Зверев позировал себе с любовью и иронией. Портрет в позе Рембрандта (конец пятидесятых) – взлет головы, взгляд искоса и вихры – одна из многих зарисовок Зверевым себя. Почти что весь первый зал на выставке – графические автопортреты. Зверев везде: во всех залах его изображения. Он в 57-м рисует акварелью завзятого декадента – шея изогнута, зрачки ушли в углы глаз, взгляд направлен куда-то за спину. А вот он в 80-м году – почти что рубенсовский персонаж, сочно написанный маслом: с раздутыми щеками, неказистой бородкой и лукавым взглядом сатира; а главное – в огромной соломенной шляпе, которая, как солнце, освещает всю картину. Тут есть и страшный Зверев-56 – с лицом, залитым черной акварелью, но не сплошь, а линиями: сплющенная полосатая физиономия "черного человека". И есть Зверев-57, словно высовывающийся в щель, которая открылась внутри листа: так, что видны лишь растрепанные вихры, усики, глаза, нос и змейка рта, искривившегося кверху левой губой; вот рисунок, поразительный ярким и оригинальным видением соотношения между белым полем, черным изображением на нем и подписью (ее росчерк небрежно брошен вверх – над рисунком, и этот росчерк играет важную роль в композиции листа). Зверев был рисовальщиком от Бога и колористом таким, каких было немного в его эпоху. В тридцатые он был бы незаметен, появись он на свет, как художник, в тридцатые. В шестидесятые – стал признанным героем арт-подполья.

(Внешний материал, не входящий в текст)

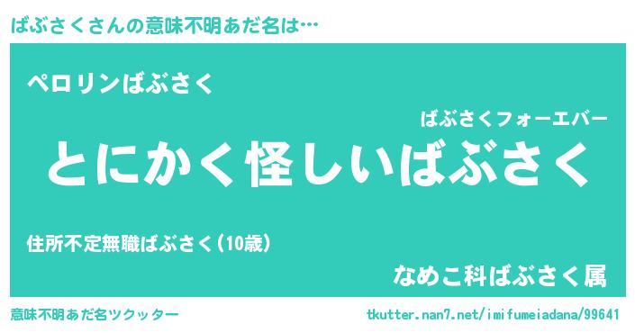 | 男性向けラノベタイトル風あだ名 | 『ばぶさくに滅ぼされるだけの簡単なお仕事です』 |

Большие глаза, брови стрелочками, худоба лица, как бы летящего в пространстве, и яркие цветные (маслом или акварелью) пятна – женское лицо. Зверев рано выработал такой стереотип изображения и следовал затем ему без остановки – на потребу почитательницам, которым такими и хотелось выглядеть. Женские портреты – одна из тех статей, которыми художник зарабатывал. Все его женщины похожи друг на друга, как сестры. За исключением двух: Оксаны Асеевой, которая была самой задушевной подругой художника, и матери.

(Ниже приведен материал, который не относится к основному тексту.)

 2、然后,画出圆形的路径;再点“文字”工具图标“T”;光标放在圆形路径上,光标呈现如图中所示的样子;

Гротеск – вот та стихия, в которой Зверев был королем рисунка. Мрачная брейгелевская старуха с обвисшим жировым мешком под подбородком, толстыми оттопыренными губами и (главная деталь) огромным носом с горбинкой – "Портрет матери" (пятидесятые). Здесь нет не только никакой "красивости", но даже, наоборот, все характерные черты преувеличены до уродства. В другом "Портрете матери" (конца пятидесятых – начала шестидесятых) она стирает в тазу белье – и вся фигура словно подернута рябью особой дрожи влево-вправо, которая так характерна для прачки: складки правого рукава змеятся, силуэт спины двоится, удары линий, образующих фигуру, стремительны и резки, резкий зигзаг, бегущий от силуэта, напоминает о летящих брызгах и отлично передает сам характер движения туда-сюда. Экспрессия – еще одна черта, которая так выделяет Зверева на фоне современников. Магия таланта этого юродивого влечет к себе и до сих пор.